In: Chemistry
A 45.20 mL aliquot from a 0.500 L solution that contains 0.420 g of MnSO 4 ( MW = 151.00 g/mol) required 35.3 mL of an EDTA solution to reach the end point in a titration.
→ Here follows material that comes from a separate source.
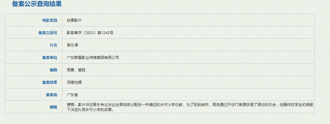 广东群星影业传媒集团有限公司备案的《音乐课》讲述的是音乐专业毕业生周鸣被分配到一所偏远的乡村小学任教,为了回到城市,周鸣通过开设竹笛课获得了调任的机会,但最终在学生的挽留下决定扎根乡村小学的故事。据悉,其剧本是第17届夏衍杯电影剧本征文的获奖作品,影片部分故事取材于第25届“江西青年五四奖章”与泰和县首届“五一劳动奖章”获得者、泰和县水槎乡中心小学音乐教师肖惠文。

What mass, in milligrams, of CaCO 3 ( MW = 100.09 g/mol) will react with 1.40 mL of the EDTA solution? in mg
mass CaCO3 = 0.998 mg
Explanation
Mass MnSO4 = 0.420 g
moles MnSO4 = (mass MnSO4) / (molar mass MnSO4)
moles MnSO4 = (0.420 g) / (151.00 g/mol)
moles MnSO4 = 2.78 x 10-3 mol
concentration MnSO4 = (moles MnSO4) / (total volume in Liter)
concentration MnSO4 = (2.78 x 10-3 mol) / (0.500 L)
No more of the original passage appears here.